Task:
The needed output is the run of lines below from the one containing "Jameson Irish Whiskey" through the one containing "LECTURE 5 •", copied exactly and free of pictures.

Source material:
☆ ☆ ☆

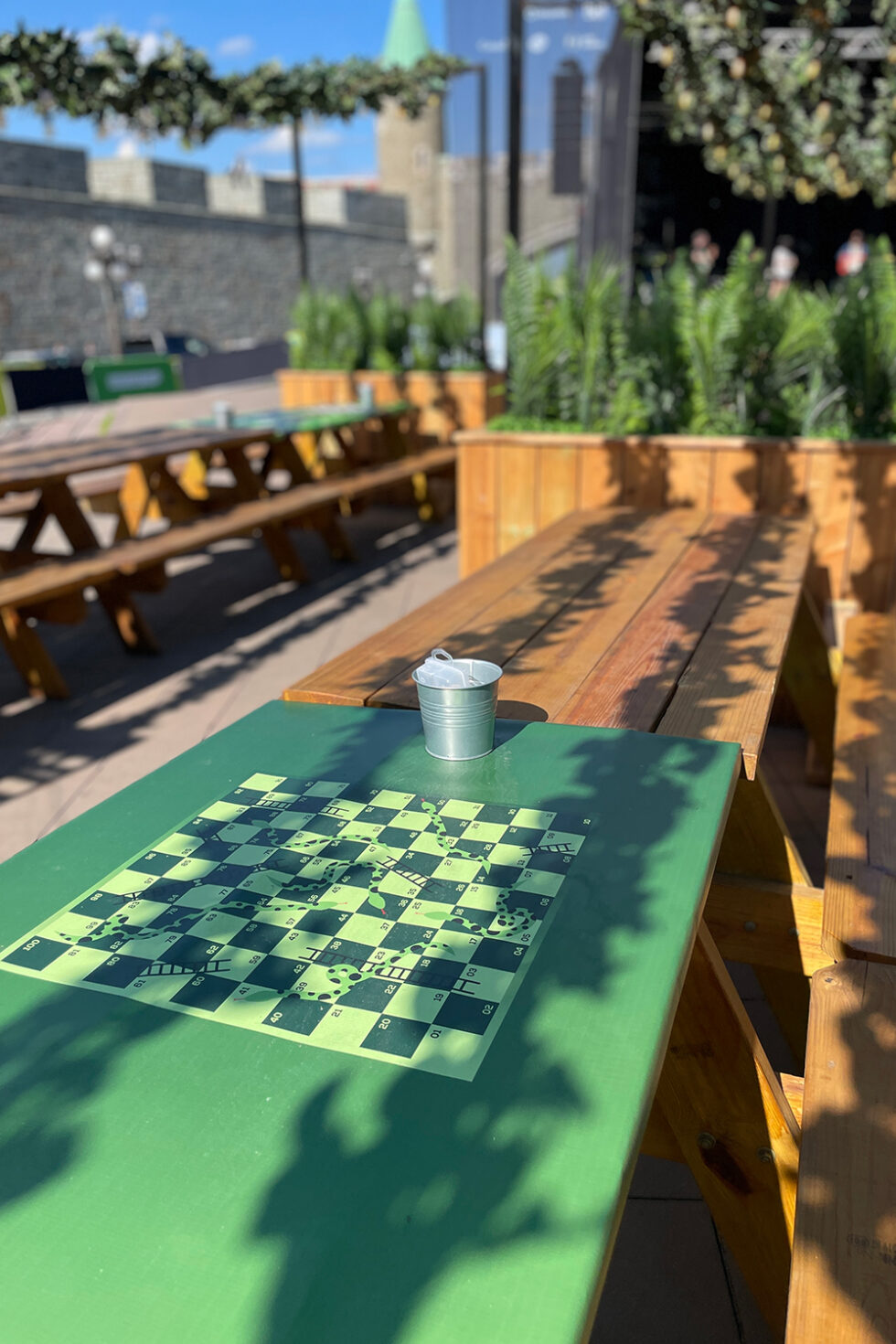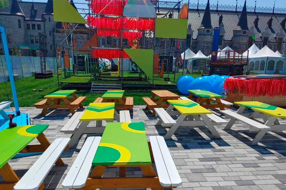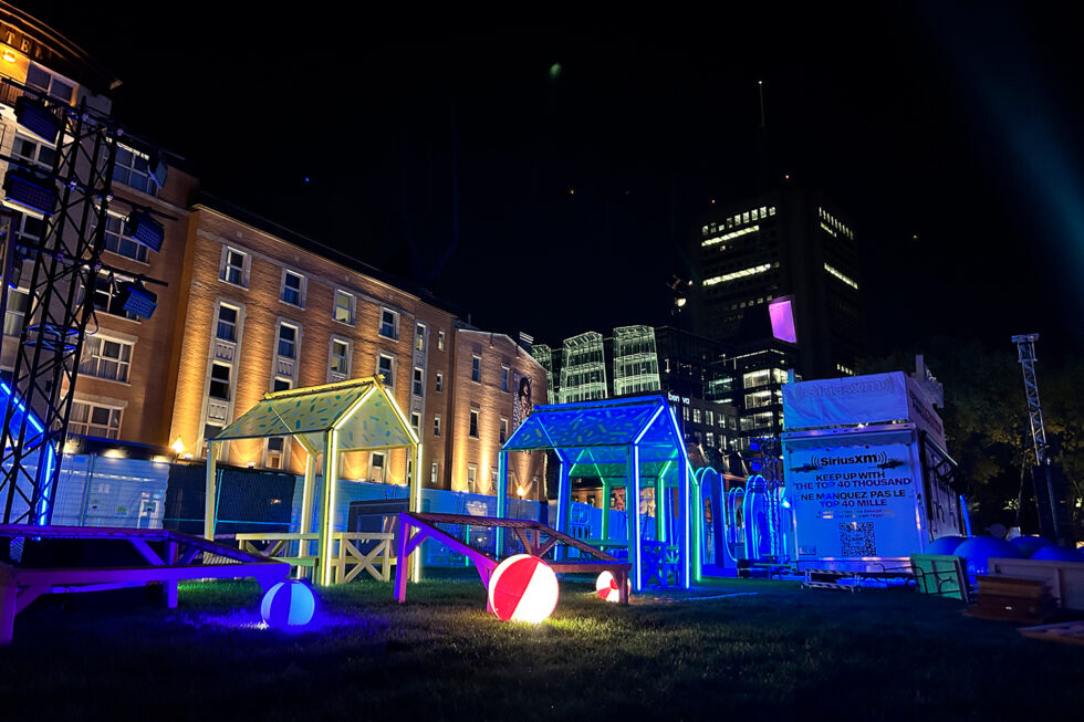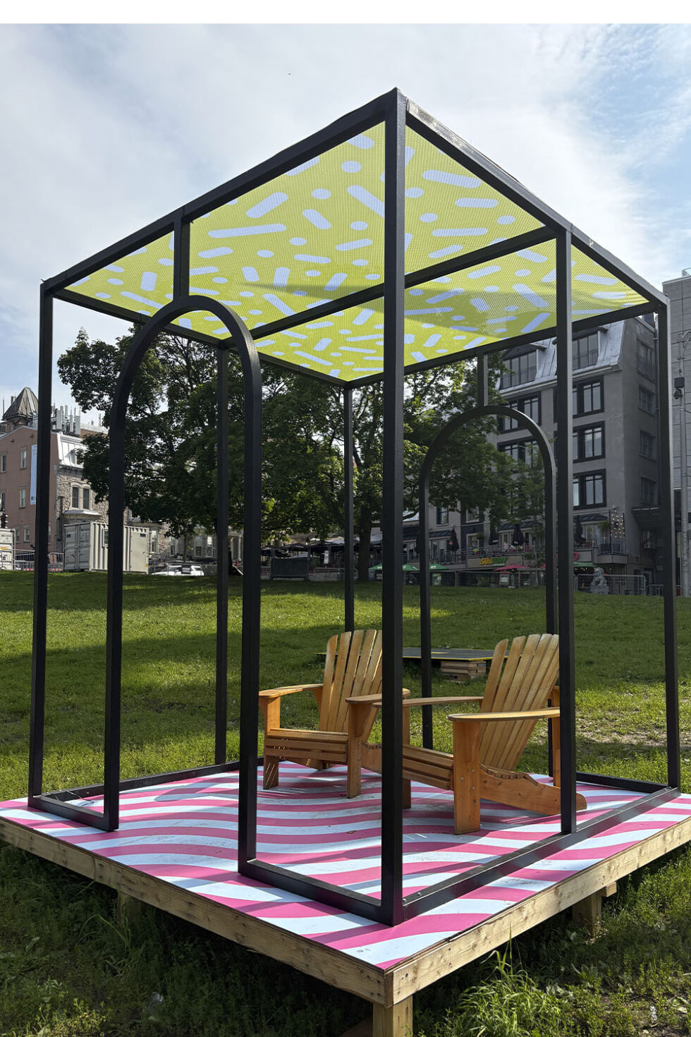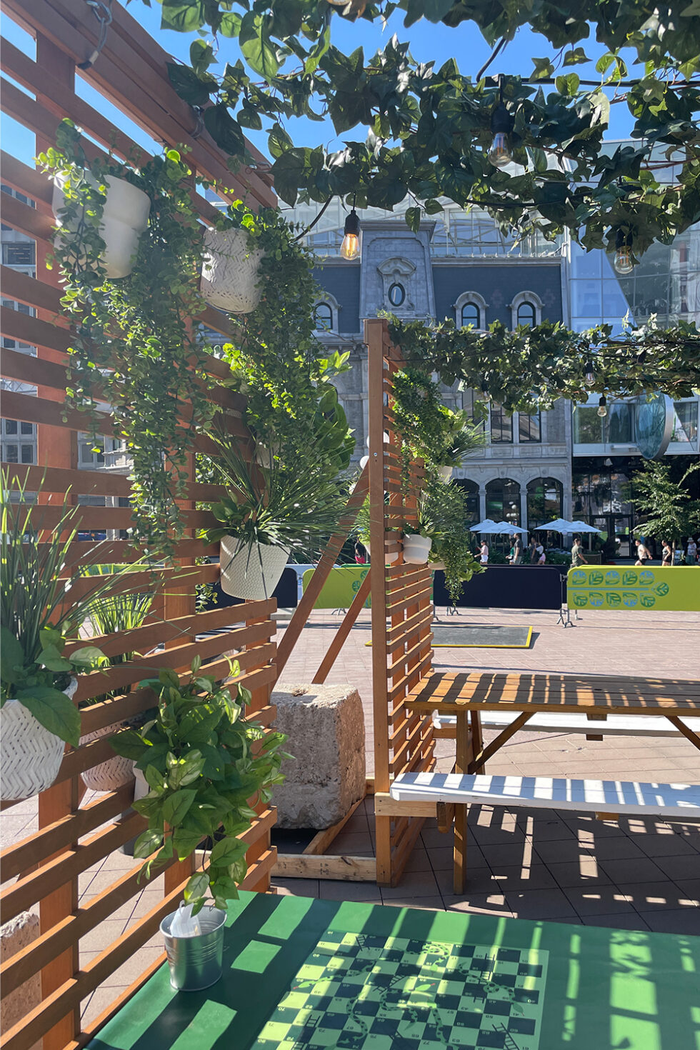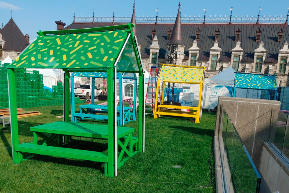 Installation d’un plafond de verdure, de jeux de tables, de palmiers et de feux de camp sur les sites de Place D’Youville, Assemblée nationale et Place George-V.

☆ ☆ ☆

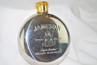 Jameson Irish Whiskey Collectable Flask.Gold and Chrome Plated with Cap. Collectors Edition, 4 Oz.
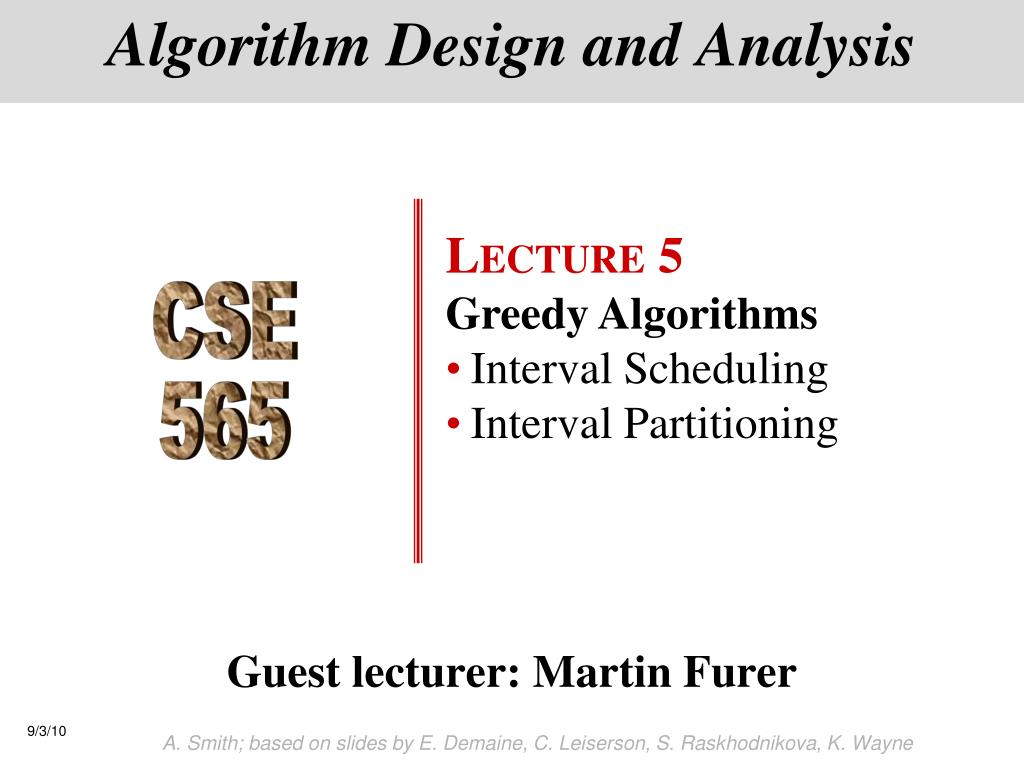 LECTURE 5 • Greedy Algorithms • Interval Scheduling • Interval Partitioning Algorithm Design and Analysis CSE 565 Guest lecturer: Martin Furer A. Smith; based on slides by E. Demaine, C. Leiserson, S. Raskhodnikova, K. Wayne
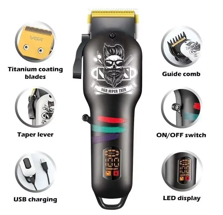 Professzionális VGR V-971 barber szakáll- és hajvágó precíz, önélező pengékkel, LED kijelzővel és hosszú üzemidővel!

☆ ☆ ☆

Task result:
 Jameson Irish Whiskey Collectable Flask.Gold and Chrome Plated with Cap. Collectors Edition, 4 Oz.
 LECTURE 5 • Greedy Algorithms • Interval Scheduling • Interval Partitioning Algorithm Design and Analysis CSE 565 Guest lecturer: Martin Furer A. Smith; based on slides by E. Demaine, C. Leiserson, S. Raskhodnikova, K. Wayne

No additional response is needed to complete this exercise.